WORK REQUIRED >> Only the lines below between the one holding "Hex #d1a298 Color" and the one holding "Presencia de la", inclusive, are to be reproduced word for word; the pictures are to be left out.

SOURCE MATERIAL >>
━━━━━━━━━━━━━━━━━━━━━━━━━━━━━━

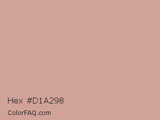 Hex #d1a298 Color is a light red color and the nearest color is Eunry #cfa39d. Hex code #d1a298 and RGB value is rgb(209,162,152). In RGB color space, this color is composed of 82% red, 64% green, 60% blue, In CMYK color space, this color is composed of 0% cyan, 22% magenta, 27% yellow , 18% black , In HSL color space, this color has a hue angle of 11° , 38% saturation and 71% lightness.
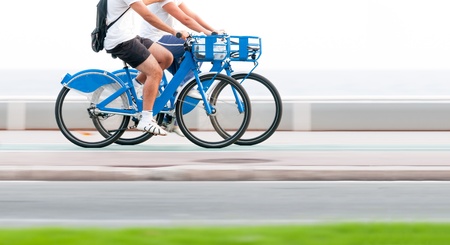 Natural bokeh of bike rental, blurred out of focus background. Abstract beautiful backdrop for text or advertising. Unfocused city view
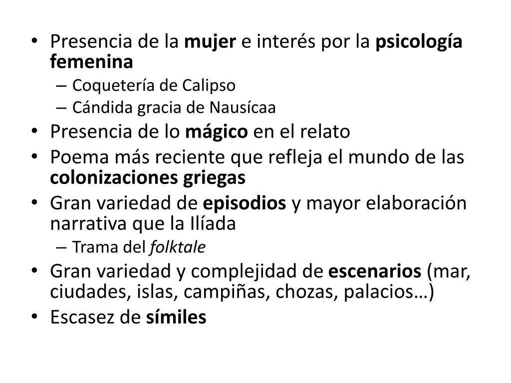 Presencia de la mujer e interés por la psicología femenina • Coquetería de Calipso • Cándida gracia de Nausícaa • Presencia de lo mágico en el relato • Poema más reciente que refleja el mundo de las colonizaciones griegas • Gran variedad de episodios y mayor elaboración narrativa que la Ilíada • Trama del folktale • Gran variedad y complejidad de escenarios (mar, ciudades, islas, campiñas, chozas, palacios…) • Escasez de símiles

━━━━━━━━━━━━━━━━━━━━━━━━━━━━━━

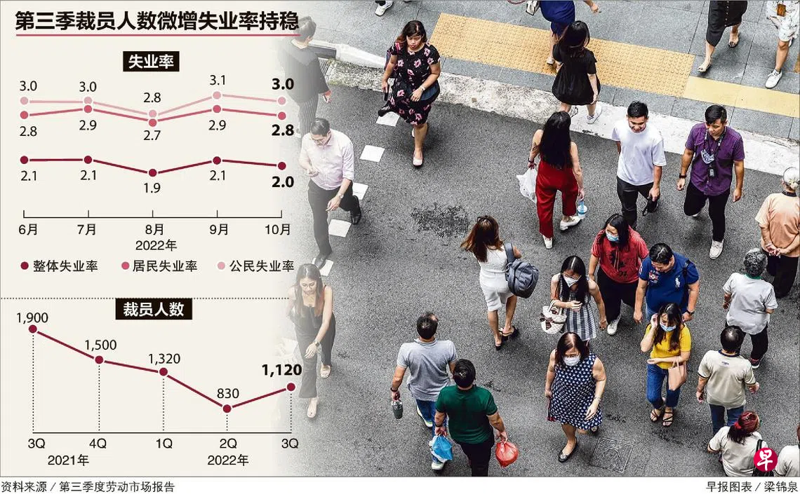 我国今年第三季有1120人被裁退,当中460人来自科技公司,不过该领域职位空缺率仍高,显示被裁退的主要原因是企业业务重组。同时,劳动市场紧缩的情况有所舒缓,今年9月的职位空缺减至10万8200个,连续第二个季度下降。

━━━━━━━━━━━━━━━━━━━━━━━━━━━━━━

SOLUTION BELOW >>
 Hex #d1a298 Color is a light red color and the nearest color is Eunry #cfa39d. Hex code #d1a298 and RGB value is rgb(209,162,152). In RGB color space, this color is composed of 82% red, 64% green, 60% blue, In CMYK color space, this color is composed of 0% cyan, 22% magenta, 27% yellow , 18% black , In HSL color space, this color has a hue angle of 11° , 38% saturation and 71% lightness.
 Natural bokeh of bike rental, blurred out of focus background. Abstract beautiful backdrop for text or advertising. Unfocused city view
 Presencia de la mujer e interés por la psicología femenina • Coquetería de Calipso • Cándida gracia de Nausícaa • Presencia de lo mágico en el relato • Poema más reciente que refleja el mundo de las colonizaciones griegas • Gran variedad de episodios y mayor elaboración narrativa que la Ilíada • Trama del folktale • Gran variedad y complejidad de escenarios (mar, ciudades, islas, campiñas, chozas, palacios…) • Escasez de símiles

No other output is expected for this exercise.